My dissertation work focused on the ecomorphology of lemur teeth and what reconstructions of ancestral tooth shapes might reveal about the evolutionary history of lemurs. I used a class of measurements called dental topography metrics, which mathematically characterize the functional properties of tooth surfaces. Working with colleagues at Duke, I found the combinations of metrics that were best able to distinguish lemurs by dietary ecology, including folivores from insectivores, which has traditionally proven difficult. Leaves and insect tissues are both high in toughness, but the material properties of leaves may be less important than their fundamentally planar geometries. This appears to select for the elaboration of elongated cutting blades and relatively flat basins, driving high variability in tooth curvature (measured as a high coefficient of variation of Dirichlet normal energy). This observation was supported by a second study that tests for relationships between lemur community dental topography values and precipitation and precipitation seasonality at sites across Madagascar. I found that adaptations for processing leaves were not strongly related to their climatically inferred material properties, but instead to the likely importance of leaves in the diet of lemur communities.
We used these effective combinations of metrics to reconstruct dietary adaptation in extinct lemurs and applied phylogenetic modeling approaches to test for an adaptive radiation of lemur dietary strategies in the deep past. We combined ancestral state reconstructions of dental topography metrics with a novel approach to reconstructing continuous tooth shape across the evolutionary history of strepsirrhines and found that the spread of forests on Madagascar coincided with an expansion of lemur ecospace occupation apparently related to the exploitation of defended plant resources, including leaves.
The North American primate fauna of the Eocene represent an excellent system in which to observe the dynamics of morphological diversification and decline in response to climatic trends across a thirty-million-year interval. I am working to combine body mass estimates with the dental topography metrics calculated on molars scanned from North American fossil primates in order to measure the relationships between morphological disparity, temperature, and other climate factors. If climatic amelioration was associated with the opening of ecological opportunity for fossil primates, these niches likely contracted as climates cooled toward the Oligocene, and disparity should show a strong correlation with temperature. Alternately, if cooling drove diverging specialization, then this should be reflected in a negative correlation between temperature and disparity.

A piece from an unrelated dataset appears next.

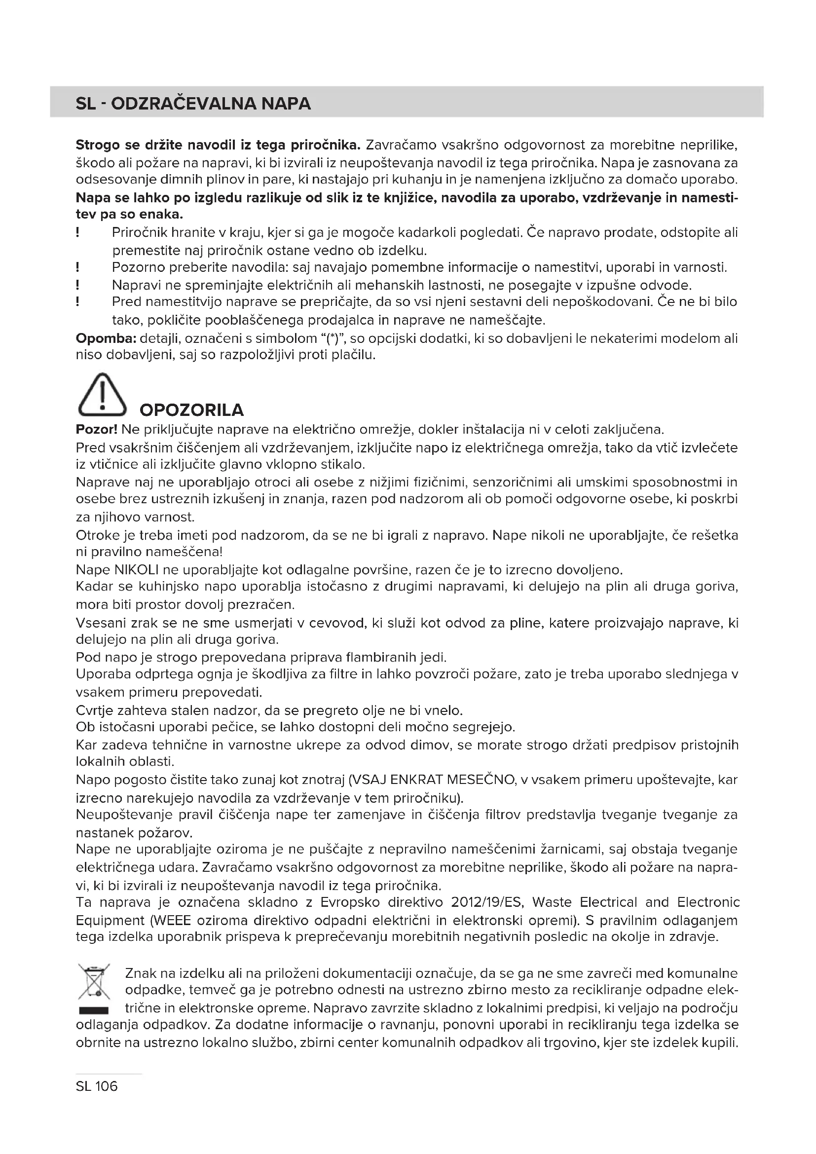 Strogo se držite navodil iz tega priročnika. Zavračamo vsakršno odgovornost za morebitne neprilike, škodo ali požare na napravi, ki bi izvirali iz neupoštevanja navodil iz tega priročnika. Napa je zasnovana za odsesovanje dimnih plinov in pare, ki nastajajo pri kuhanju in je namenjena izključno za domačo uporabo. Napa se lahko po izgledu razlikuje od slik iz te knjižice, navodila za uporabo, vzdrževanje in namesti- tev pa so enaka. ! Priročnik hranite v kraju, kjer si ga je mogoče kadarkoli pogledati. Če napravo prodate, odstopite ali premestite naj priročnik ostane vedno ob izdelku. ! Pozorno preberite navodila: saj navajajo pomembne informacije o namestitvi, uporabi in varnosti. ! Napravi ne spreminjajte električnih ali mehanskih lastnosti, ne posegajte v izpušne odvode. ! Pred namestitvijo naprave se prepričajte, da so vsi njeni sestavni deli nepoškodovani. Če ne bi bilo tako, pokličite pooblaščenega prodajalca in naprave ne nameščajte. Opomba: detajli, označeni s simbolom “(*)”, so opcijski dodatki, ki so dobavljeni le nekaterimi modelom ali niso dobavljeni, saj so razpoložljivi proti plačilu. OPOZORILA Pozor! Ne priključujte naprave na električno omrežje, dokler inštalacija ni v celoti zaključena. Pred vsakršnim čiščenjem ali vzdrževanjem, izključite napo iz električnega omrežja, tako da vtič izvlečete iz vtičnice ali izključite glavno vklopno stikalo. Naprave naj ne uporabljajo otroci ali osebe z nižjimi fizičnimi, senzoričnimi ali umskimi sposobnostmi in osebe brez ustreznih izkušenj in znanja, razen pod nadzorom ali ob pomoči odgovorne osebe, ki poskrbi za njihovo varnost. Otroke je treba imeti pod nadzorom, da se ne bi igrali z napravo. Nape nikoli ne uporabljajte, če rešetka ni pravilno nameščena! Nape NIKOLI ne uporabljajte kot odlagalne površine, razen če je to izrecno dovoljeno. Kadar se kuhinjsko napo uporablja istočasno z drugimi napravami, ki delujejo na plin ali druga goriva, mora biti prostor dovolj prezračen. Vsesani zrak se ne sme usmerjati v cevovod, ki služi kot odvod za pline, katere proizvajajo naprave, ki delujejo na plin ali druga goriva. Pod napo je strogo prepovedana priprava flambiranih jedi. Uporaba odprtega ognja je škodljiva za filtre in lahko povzroči požare, zato je treba uporabo slednjega v vsakem primeru prepovedati. Cvrtje zahteva stalen nadzor, da se pregreto olje ne bi vnelo. Ob istočasni uporabi pečice, se lahko dostopni deli močno segrejejo. Kar zadeva tehnične in varnostne ukrepe za odvod dimov, se morate strogo držati predpisov pristojnih lokalnih oblasti. Napo pogosto čistite tako zunaj kot znotraj (VSAJ ENKRAT MESEČNO, v vsakem primeru upoštevajte, kar izrecno narekujejo navodila za vzdrževanje v tem priročniku). Neupoštevanje pravil čiščenja nape ter zamenjave in čiščenja filtrov predstavlja tveganje tveganje za nastanek požarov. Nape ne uporabljajte oziroma je ne puščajte z nepravilno nameščenimi žarnicami, saj obstaja tveganje električnega udara. Zavračamo vsakršno odgovornost za morebitne neprilike, škodo ali požare na napra- vi, ki bi izvirali iz neupoštevanja navodil iz tega priročnika. Ta naprava je označena skladno z Evropsko direktivo 2012/19/ES, Waste Electrical and Electronic Equipment (WEEE oziroma direktivo odpadni električni in elektronski opremi). S pravilnim odlaganjem tega izdelka uporabnik prispeva k preprečevanju morebitnih negativnih posledic na okolje in zdravje. Znak na izdelku ali na priloženi dokumentaciji označuje, da se ga ne sme zavreči med komunalne odpadke, temveč ga je potrebno odnesti na ustrezno zbirno mesto za recikliranje odpadne elek- trične in elektronske opreme. Napravo zavrzite skladno z lokalnimi predpisi, ki veljajo na področju odlaganja odpadkov. Za dodatne informacije o ravnanju, ponovni uporabi in recikliranju tega izdelka se obrnite na ustrezno lokalno službo, zbirni center komunalnih odpadkov ali trgovino, kjer ste izdelek kupili.SL107 Aparat je bil zasnovan, testiran in izdelan v skladu z:
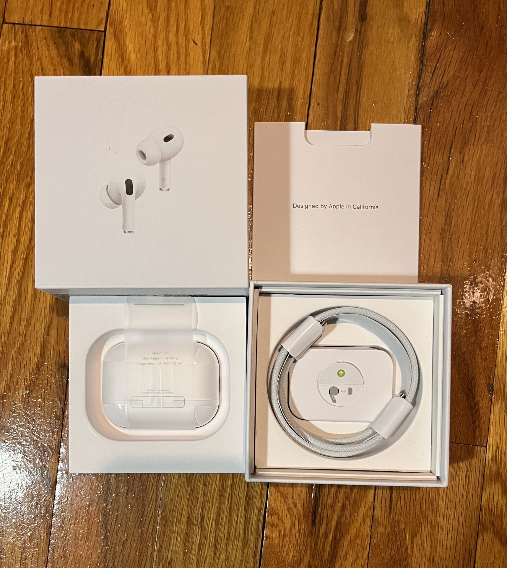This is a set of AirPods Pro (2nd generation) in white color. They are wireless earbuds with a built-in microphone and feature noise cancellation. The earbuds come with a MagSafe case and use Bluetooth wireless technology to connect to your phone. They are opened but like new. Este es un conjunto de AirPods Pro (segunda generación) en color blanco. auriculares inalámbricos con micrófono incorporado y cuentan con cancelación de ruido. Los auriculares vienen con un estuche MagSafe y utilizan tecnología inalámbrica Bluetooth para conectarse a su teléfono. Están abiertos pero como nuevos.

My previous work, like most studies of dental topography, has focused on unworn tooth shape. However, tooth surface morphology changes over the lifespan of an individual as the enamel crown erodes and dentine is exposed. It is thought that certain dental morphologies may have evolved to best maintain functional shape across a wear sequence. Studying this adaptation provides the potential opportunity to observe the refinement of a functionally selective character across the evolution of a lineage. This requires a group of mammals that seem to have acquired a unique dental morphology related to the maintenance of functional shape across a wear gradient. Tapriomorph perissodactyls may represent just such a lineage, as the modern tapirid members evolved a distinctive, bilophodont tooth morphology from more generalized, bunodont ancestors. As a first step, I have begun to work with faculty from the Center of Excellence in Paleontology at East Tennessee State University to analyze change in functional shape across a wear sequence in the abundant fossil tapirs of the Gray Fossil Site. Future work will examine functional shape change across wear sequences in earlier fossil tapiromorphs.